Les centres de données dans l’espace : une idée désastreuse ?
Le rêve des technologies spatiales
L’intelligence artificielle (IA) est devenue le nouveau goulet d’étranglement technologique, poussant certaines grandes entreprises à envisager des solutions radicales, comme l’implantation de centres de données dans l’espace. Des figures emblématiques tels que Jeff Bezos imaginent des “clusters géants d’IA” en orbite d’ici vingt ans, tandis que des entreprises comme Google envisagent déjà d’exécuter des calculs sur des satellites alimentés par l’énergie solaire.
La promesse séduisante de l’espace
L’idée de centres de données spatiaux repose sur une promesse attrayante : fonctionner sans interruption, sans réseau électrique ni tours de refroidissement. Le manque d’obstacles atmosphériques permettrait une utilisation quasi constante des panneaux solaires, promettant des systèmes plus efficaces et plus durables. Cependant, cette vision idyllique doit être confrontée à la réalité physique et technique, qui s’avère beaucoup moins optimiste.
Les critiques des experts
De nombreux ingénieurs, y compris d’anciens employés de la NASA, soulignent que l’idée de centres de données dans l’espace est non seulement impraticable, mais aussi fondamentalement erronée. Un ex-ingénieur déclare que c’est “une idée terrible et qui n’a aucun sens”. Cette critique se fonde sur plusieurs mythes, notamment celui de l’abondance énergétique dans l’espace.
L’énergie solaire : un mythe
Le plus grand système solaire actuellement en fonctionnement dans l’espace, à savoir la Station Spatiale Internationale (ISS), génère entre 84 et 120 kilowatts, une quantité dérisoire comparée à ce qui serait nécessaire pour alimenter un centre de données moderne.
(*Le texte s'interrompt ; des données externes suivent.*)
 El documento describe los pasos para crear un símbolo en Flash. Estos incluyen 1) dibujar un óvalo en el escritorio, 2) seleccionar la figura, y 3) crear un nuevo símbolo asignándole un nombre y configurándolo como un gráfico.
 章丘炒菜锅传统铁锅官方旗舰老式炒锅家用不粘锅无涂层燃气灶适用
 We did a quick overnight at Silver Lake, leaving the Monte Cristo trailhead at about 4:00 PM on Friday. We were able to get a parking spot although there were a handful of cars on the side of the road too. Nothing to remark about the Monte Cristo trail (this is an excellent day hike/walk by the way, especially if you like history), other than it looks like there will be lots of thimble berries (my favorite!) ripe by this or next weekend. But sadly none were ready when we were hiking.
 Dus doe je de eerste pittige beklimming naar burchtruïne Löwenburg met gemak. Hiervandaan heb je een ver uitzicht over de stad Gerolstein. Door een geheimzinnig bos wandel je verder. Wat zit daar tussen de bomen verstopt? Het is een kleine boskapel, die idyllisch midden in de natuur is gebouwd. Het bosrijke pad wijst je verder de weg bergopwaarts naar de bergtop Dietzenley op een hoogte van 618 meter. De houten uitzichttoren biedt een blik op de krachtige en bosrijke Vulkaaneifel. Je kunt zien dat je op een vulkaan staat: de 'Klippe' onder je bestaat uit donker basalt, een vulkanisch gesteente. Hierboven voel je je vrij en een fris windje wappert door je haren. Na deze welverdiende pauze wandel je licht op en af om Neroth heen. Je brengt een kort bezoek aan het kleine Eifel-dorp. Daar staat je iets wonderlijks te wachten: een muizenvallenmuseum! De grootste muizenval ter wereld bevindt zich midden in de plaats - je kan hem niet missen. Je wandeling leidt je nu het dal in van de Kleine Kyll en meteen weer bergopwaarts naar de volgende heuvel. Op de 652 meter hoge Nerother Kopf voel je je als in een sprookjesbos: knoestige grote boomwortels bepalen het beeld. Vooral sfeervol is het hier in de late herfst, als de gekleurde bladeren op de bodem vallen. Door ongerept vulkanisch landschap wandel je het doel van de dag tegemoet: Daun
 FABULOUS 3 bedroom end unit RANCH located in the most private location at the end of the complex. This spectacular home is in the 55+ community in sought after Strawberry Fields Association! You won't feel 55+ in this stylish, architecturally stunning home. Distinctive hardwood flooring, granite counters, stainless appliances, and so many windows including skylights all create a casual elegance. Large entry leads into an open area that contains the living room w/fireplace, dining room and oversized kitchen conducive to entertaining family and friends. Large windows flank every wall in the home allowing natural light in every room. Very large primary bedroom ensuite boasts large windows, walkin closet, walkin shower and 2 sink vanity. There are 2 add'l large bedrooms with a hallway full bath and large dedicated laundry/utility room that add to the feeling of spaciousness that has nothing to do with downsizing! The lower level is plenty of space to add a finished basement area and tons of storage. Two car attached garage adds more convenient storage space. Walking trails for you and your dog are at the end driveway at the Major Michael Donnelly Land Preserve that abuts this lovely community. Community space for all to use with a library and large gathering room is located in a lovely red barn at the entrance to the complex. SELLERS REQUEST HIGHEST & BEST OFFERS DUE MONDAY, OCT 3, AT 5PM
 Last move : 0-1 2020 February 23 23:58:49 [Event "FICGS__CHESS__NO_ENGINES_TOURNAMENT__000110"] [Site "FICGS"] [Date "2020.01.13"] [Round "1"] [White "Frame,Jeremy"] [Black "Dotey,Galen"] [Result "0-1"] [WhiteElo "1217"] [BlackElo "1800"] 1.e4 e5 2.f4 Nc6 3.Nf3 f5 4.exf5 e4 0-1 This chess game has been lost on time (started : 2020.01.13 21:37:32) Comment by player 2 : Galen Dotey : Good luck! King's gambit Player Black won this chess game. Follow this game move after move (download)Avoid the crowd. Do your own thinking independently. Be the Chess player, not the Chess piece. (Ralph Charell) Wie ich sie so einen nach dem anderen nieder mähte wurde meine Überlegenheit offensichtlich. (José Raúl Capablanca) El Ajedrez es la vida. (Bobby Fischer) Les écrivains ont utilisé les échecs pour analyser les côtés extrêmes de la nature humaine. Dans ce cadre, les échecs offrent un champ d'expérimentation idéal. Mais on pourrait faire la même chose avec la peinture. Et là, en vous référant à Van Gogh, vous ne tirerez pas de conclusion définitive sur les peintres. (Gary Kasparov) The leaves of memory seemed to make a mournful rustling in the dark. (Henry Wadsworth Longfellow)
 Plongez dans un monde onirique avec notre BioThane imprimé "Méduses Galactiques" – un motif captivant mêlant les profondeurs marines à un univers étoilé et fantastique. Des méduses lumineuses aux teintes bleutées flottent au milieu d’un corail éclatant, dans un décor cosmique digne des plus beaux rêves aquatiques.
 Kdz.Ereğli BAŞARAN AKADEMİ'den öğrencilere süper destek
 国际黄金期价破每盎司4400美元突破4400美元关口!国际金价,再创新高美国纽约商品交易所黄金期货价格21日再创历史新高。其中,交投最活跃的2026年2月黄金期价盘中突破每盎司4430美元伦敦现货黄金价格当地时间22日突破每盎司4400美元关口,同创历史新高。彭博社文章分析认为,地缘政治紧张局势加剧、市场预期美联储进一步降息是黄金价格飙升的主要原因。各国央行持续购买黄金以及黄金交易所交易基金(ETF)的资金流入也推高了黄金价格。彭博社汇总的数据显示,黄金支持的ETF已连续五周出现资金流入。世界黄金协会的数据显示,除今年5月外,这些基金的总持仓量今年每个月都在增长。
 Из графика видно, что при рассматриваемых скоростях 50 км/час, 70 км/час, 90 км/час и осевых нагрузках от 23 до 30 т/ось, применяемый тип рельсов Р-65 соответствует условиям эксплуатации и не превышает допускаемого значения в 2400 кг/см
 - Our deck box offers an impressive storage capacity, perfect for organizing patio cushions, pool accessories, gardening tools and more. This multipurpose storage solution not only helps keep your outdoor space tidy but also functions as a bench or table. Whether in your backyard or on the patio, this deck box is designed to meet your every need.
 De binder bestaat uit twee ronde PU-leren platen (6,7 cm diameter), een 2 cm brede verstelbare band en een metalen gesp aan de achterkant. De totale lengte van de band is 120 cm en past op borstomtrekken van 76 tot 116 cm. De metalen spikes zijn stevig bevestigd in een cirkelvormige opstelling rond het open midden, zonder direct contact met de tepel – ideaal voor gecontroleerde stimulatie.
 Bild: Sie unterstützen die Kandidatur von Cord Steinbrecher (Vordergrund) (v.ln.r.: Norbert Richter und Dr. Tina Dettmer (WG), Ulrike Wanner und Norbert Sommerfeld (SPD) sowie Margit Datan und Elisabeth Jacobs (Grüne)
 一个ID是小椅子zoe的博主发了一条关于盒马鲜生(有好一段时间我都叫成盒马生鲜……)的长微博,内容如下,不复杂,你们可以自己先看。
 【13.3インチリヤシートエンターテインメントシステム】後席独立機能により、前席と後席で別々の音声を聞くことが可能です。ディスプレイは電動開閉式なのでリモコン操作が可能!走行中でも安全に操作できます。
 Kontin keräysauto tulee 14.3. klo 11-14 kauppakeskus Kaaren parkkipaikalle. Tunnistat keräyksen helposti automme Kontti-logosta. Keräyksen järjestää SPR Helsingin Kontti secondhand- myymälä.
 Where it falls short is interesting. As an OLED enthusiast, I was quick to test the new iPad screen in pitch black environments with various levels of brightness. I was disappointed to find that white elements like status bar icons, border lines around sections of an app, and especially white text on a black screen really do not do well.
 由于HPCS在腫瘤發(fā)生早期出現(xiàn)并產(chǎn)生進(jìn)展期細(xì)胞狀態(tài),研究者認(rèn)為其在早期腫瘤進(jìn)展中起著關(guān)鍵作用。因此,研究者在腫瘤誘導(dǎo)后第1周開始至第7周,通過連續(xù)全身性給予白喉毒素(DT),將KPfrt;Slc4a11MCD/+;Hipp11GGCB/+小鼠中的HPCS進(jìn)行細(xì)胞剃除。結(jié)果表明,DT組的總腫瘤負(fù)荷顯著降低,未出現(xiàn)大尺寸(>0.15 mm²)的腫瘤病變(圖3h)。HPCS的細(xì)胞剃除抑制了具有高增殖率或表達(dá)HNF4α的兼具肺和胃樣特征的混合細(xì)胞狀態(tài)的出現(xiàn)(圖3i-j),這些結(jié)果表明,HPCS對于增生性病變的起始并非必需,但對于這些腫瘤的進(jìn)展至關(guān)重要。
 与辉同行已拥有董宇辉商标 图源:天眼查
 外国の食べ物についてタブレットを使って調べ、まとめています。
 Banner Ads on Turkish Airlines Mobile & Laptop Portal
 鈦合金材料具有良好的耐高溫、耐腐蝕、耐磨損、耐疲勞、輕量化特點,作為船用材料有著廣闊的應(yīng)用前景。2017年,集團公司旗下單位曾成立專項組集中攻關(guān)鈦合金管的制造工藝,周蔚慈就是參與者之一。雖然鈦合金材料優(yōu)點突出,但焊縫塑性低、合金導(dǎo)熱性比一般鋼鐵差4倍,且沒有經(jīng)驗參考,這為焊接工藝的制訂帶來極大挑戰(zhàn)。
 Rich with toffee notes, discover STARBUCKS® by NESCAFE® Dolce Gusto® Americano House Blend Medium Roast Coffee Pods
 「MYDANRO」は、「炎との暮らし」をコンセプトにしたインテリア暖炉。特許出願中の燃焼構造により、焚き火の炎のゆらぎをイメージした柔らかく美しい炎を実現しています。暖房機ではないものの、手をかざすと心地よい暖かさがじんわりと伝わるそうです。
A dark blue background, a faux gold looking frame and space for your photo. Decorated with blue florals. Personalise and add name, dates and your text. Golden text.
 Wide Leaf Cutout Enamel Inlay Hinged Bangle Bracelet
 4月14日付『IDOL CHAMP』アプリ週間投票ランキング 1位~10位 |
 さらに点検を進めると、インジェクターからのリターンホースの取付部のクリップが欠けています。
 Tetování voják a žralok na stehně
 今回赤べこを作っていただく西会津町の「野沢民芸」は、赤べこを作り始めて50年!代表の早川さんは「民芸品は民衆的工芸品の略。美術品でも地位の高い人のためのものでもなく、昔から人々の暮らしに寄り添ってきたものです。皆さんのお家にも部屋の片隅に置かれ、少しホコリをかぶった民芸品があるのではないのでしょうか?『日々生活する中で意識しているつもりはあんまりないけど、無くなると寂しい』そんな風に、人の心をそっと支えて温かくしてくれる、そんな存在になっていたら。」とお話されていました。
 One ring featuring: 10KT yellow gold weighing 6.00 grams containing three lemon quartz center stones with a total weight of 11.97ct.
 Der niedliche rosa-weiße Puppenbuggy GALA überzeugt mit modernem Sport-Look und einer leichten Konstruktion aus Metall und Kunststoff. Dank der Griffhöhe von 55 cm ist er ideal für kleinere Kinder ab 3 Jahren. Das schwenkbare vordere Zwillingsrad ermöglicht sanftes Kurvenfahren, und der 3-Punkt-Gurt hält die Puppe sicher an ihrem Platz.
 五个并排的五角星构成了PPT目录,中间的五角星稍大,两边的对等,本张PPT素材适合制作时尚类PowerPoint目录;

Une seule unité graphique (GPU) moderne consomme environ 700 watts, ce qui signifie que l’ISS ne pourrait alimenter que quelques centaines de ces appareils, bien en deçà des milliers nécessaires.
Les défis du refroidissement
L’autre argument contre cette idée est le refroidissement. On croit souvent que l’espace, étant froid, faciliterait la dissipation de la chaleur. Or, dans le vide spatial, il n’y a pas de convection : la chaleur doit être évacuée par radiation, un processus beaucoup moins efficace. La complexité des systèmes de contrôle thermique de l’ISS en est un exemple frappant, nécessitant des infrastructures complexes pour dissiper des dizaines de kilowatts.
La question de la radiation
L’électronique en orbite subit une exposition constante à des particules chargées pouvant provoquer des défaillances et des erreurs. Bien que certaines technologies, comme les TPUs de Google, aient montré une certaine résistance, les pannes ne disparaissent pas ; elles se multiplient. Renforcer les systèmes pour les protéger ajoute un poids supplémentaire, ce qui augmente considérablement le coût de lancement.
Les coûts de lancement et la viabilité économique
Les projets de centres de données spatiaux dépendent fortement de la réduction des coûts de lancement pour devenir économiquement viables. Les experts estiment qu’un coût d’environ 200 dollars par kilo serait nécessaire pour rivaliser avec les infrastructures terrestres. Cependant, la réalité est que les énergies renouvelables sur Terre continuent de devenir moins chères, rendant de moins en moins attractive la perspective d’un déploiement spatial.
Une solution futuriste, mais irréaliste
Bien qu’il puisse exister des cas d’utilisation spécifiques pour l’informatique en orbite, comme des expériences ou des applications militaires, croire que la majorité de l’infrastructure IA mondiale sera flottante est une illusion. La véritable question réside dans le fait que, malgré les promesses séduisantes, il est plus judicieux d’affronter les limites énergétiques sur notre planète plutôt que de rêver d’installations futuristes dans l’espace.
Conclusion
En fin de compte, l’intelligence artificielle devra toujours se plier aux lois de la physique, qui ne sont pas affectées par des envolées lyriques. Les entreprises peuvent fantasmer sur des centres de données dans l’espace, mais le défi énergétique se situe ici, sur Terre, et c’est là que des solutions réelles doivent être trouvées.